Segment Start: EXCERPTED RECORDS

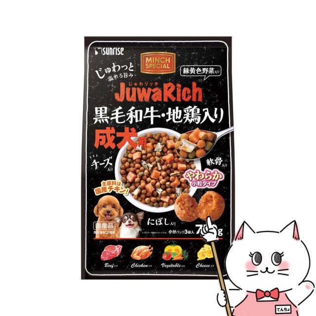 国産チキンを主原料に使用し、独自製法でじゅわっと溢れる旨みのやわらか小粒に仕上げ、圧倒的な美味しさを実現したフードです。国産ブランドの黒毛和牛を配合し、緑黄色野菜で食のバランスを整え、軟骨とにぼしをトッピングした彩り豊かなフードです。
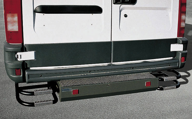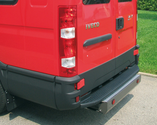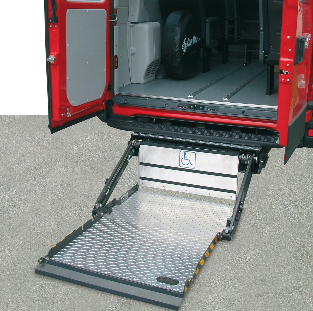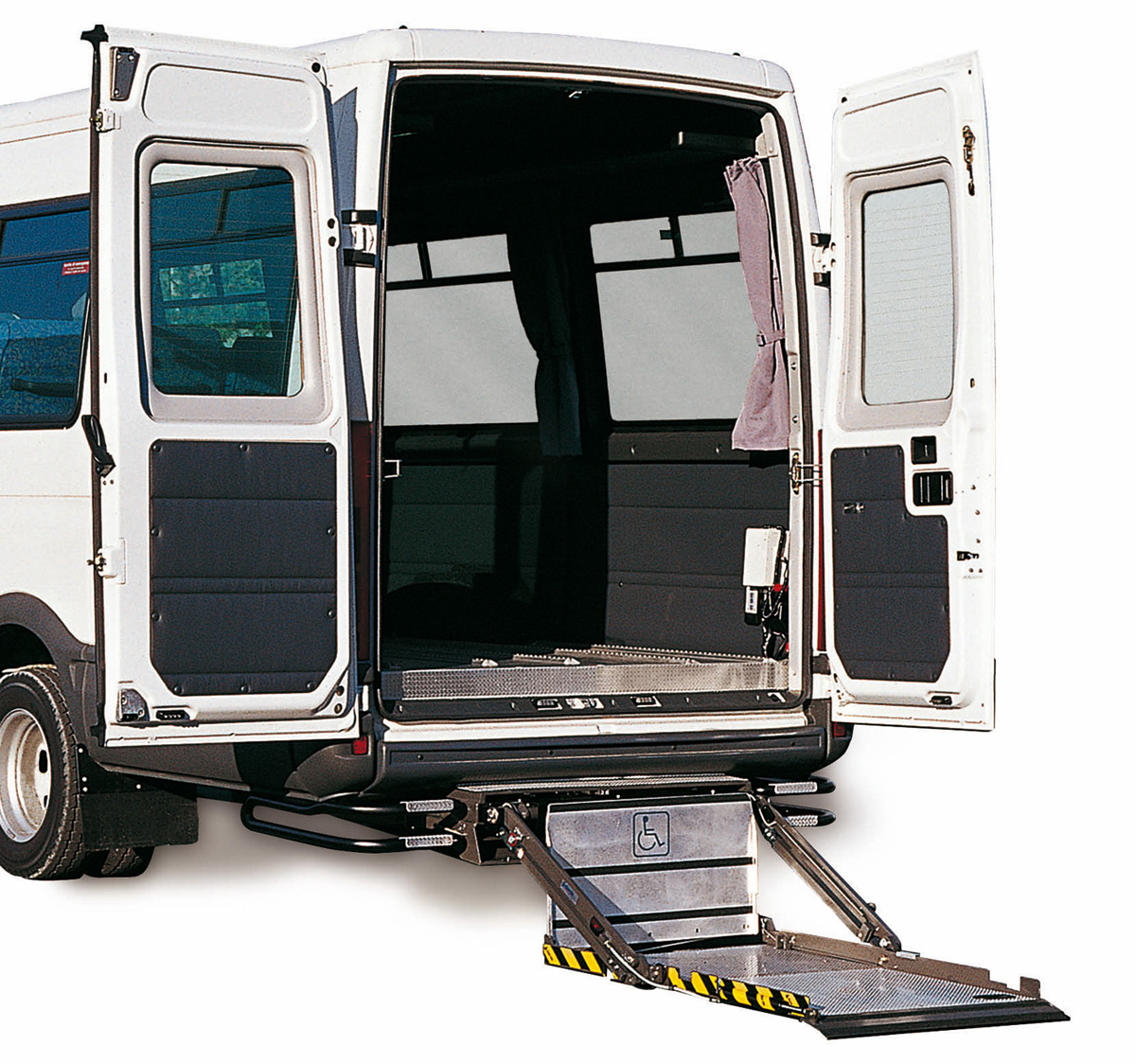 Sollevatore elettroidraulico semi-automatico retrattile a scomparsa sottotelaio. Posizionato posteriormente al veicolo, permette la massima versatilità relativa all’allestimento interno del veicolo. Cassetta di contenimento completamente chiusa con coperchio a funzionamento automatico.
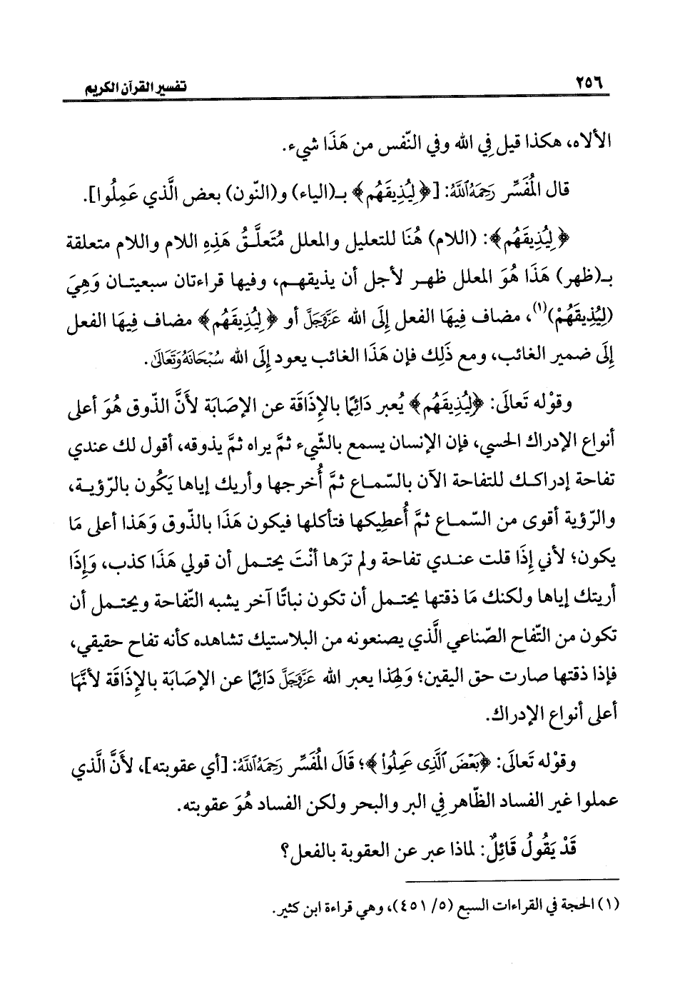 {لِيُذِيقَهُمْ}: (اللام) هُنَا للتعليل والمعلل مُتَعلَّقُ هَذِهِ اللام واللام متعلقة بـ (ظهر) هَذَا هُوَ المعلل ظهر لأجل أن يذيقهم، وفيها قراءتان سبعيتان وَهِيَ (لِيُذِيقَهُمْ) (¬١)، مضاف فِيهَا الفعل إِلَى الله عَزَّ وَجَلَّ أو {لِيُذِيقَهُمْ} مضاف فِيهَا الفعل إِلَى ضمير الغائب، ومع ذَلِك فإن هَذَا الغائب يعود إِلَى الله سُبْحَانَهُ وَتَعَالَى.
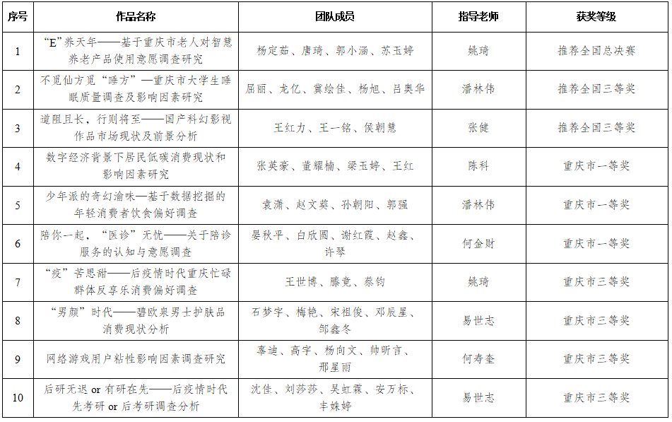 全国老员工市场调查与分析大赛是政府支持、企业认可、高校师生积极参与、海峡两岸高度联动的统计学科实践教学平台赛事,为高校学科竞赛排行榜竞赛项目。2023年第13届全国老员工市场调查与分析大赛研究生组重庆赛区参与高校共10所,报名人数994人(位居全国11位),参加校队122队(位居全国13位),进入省赛队伍46队。经过五位专家评审,来自重庆大学、重庆师范大学、suncitygroup太阳集团、重庆工商大学这4所高校的13支队伍参加这次赛区现场选拔赛,最终有5支队伍推荐全国总决赛。
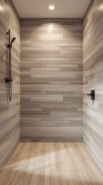 Wood-look porcelain tiles bring both style and practicality to bathroom showers. Designed to capture the warmth and texture of natural wood, they offer the durability of porcelain—meaning you can enjoy the beauty of wood without the worry of water damage.
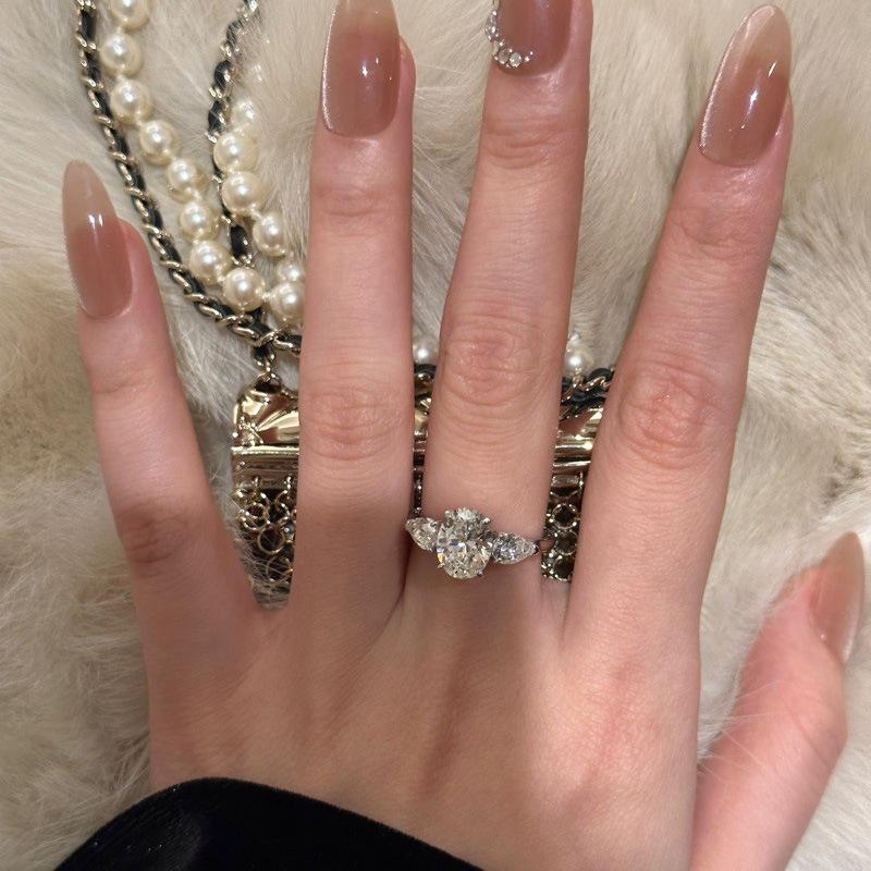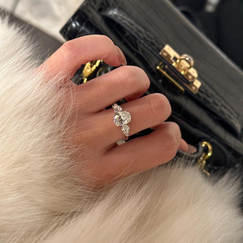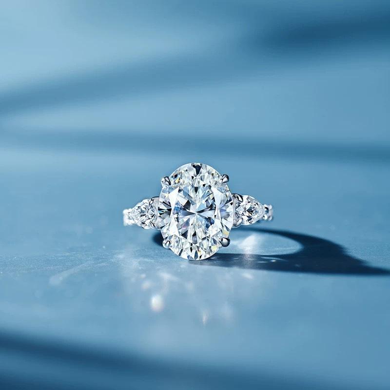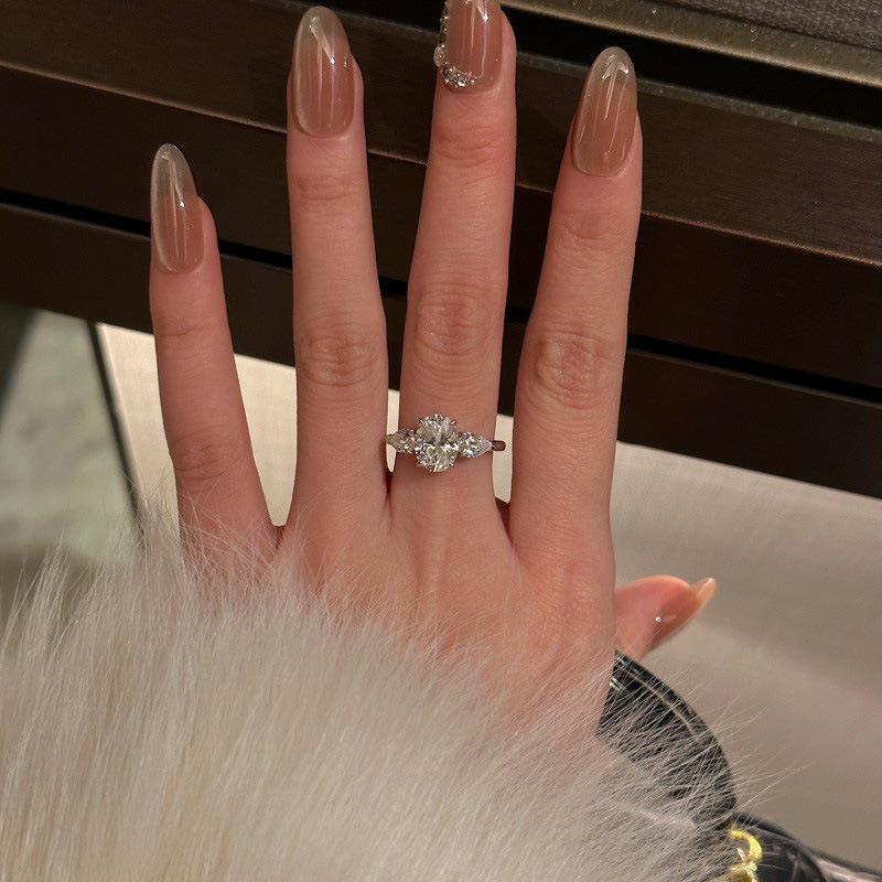 Compra Anillo ovalado de tres piedras crudas con forma de huevo de paloma para mujer, ligero, de lujo, de alta gama, para bodas, propuesta de matrimonio, anillo de diamantes de imitación. al por mayor en Joom.pro
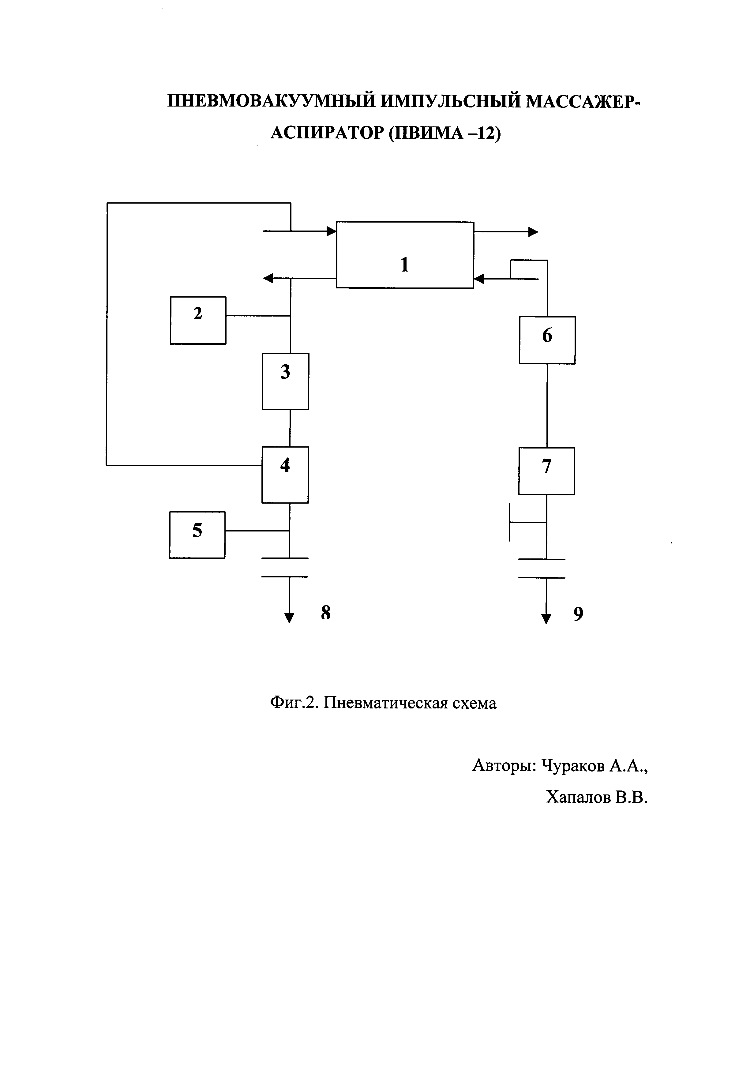 Пневмовакуумный импульсный массажер-аспиратор, содержащий мембранный вакуумный насос-компрессор, имеющий выход для нагнетания воздуха, соединенный с электронным регулятором давления, выход которого соединен с пневмораспределителем компрессии, и выход для откачки воздуха, соединенный с вакуумным регулятором, отличающийся тем, что насос дополнительно снабжен вторым выходом для откачки воздуха и вторым выходом для нагнетания воздуха, а также содержит предохранительный клапан, соединенный через тройник со входом пневмораспределителя компрессии, боковой выход которого соединен через тройник с вакуумным выходом насоса, а также снабжен реле давления, которое через тройник соединено с выходом пневмораспределителя компрессии.

Segment End: EXCERPTED RECORDS

- _WORK ITEM_:
Please give again the entries word for word, starting at the first line and ending with the line that contains "الله سُبْحَانَهُ وَتَعَالَى."; include both of those lines but none of the pictures.

- _WRITTEN SOLUTION_:
 国産チキンを主原料に使用し、独自製法でじゅわっと溢れる旨みのやわらか小粒に仕上げ、圧倒的な美味しさを実現したフードです。国産ブランドの黒毛和牛を配合し、緑黄色野菜で食のバランスを整え、軟骨とにぼしをトッピングした彩り豊かなフードです。
 Sollevatore elettroidraulico semi-automatico retrattile a scomparsa sottotelaio. Posizionato posteriormente al veicolo, permette la massima versatilità relativa all’allestimento interno del veicolo. Cassetta di contenimento completamente chiusa con coperchio a funzionamento automatico.
 {لِيُذِيقَهُمْ}: (اللام) هُنَا للتعليل والمعلل مُتَعلَّقُ هَذِهِ اللام واللام متعلقة بـ (ظهر) هَذَا هُوَ المعلل ظهر لأجل أن يذيقهم، وفيها قراءتان سبعيتان وَهِيَ (لِيُذِيقَهُمْ) (¬١)، مضاف فِيهَا الفعل إِلَى الله عَزَّ وَجَلَّ أو {لِيُذِيقَهُمْ} مضاف فِيهَا الفعل إِلَى ضمير الغائب، ومع ذَلِك فإن هَذَا الغائب يعود إِلَى الله سُبْحَانَهُ وَتَعَالَى.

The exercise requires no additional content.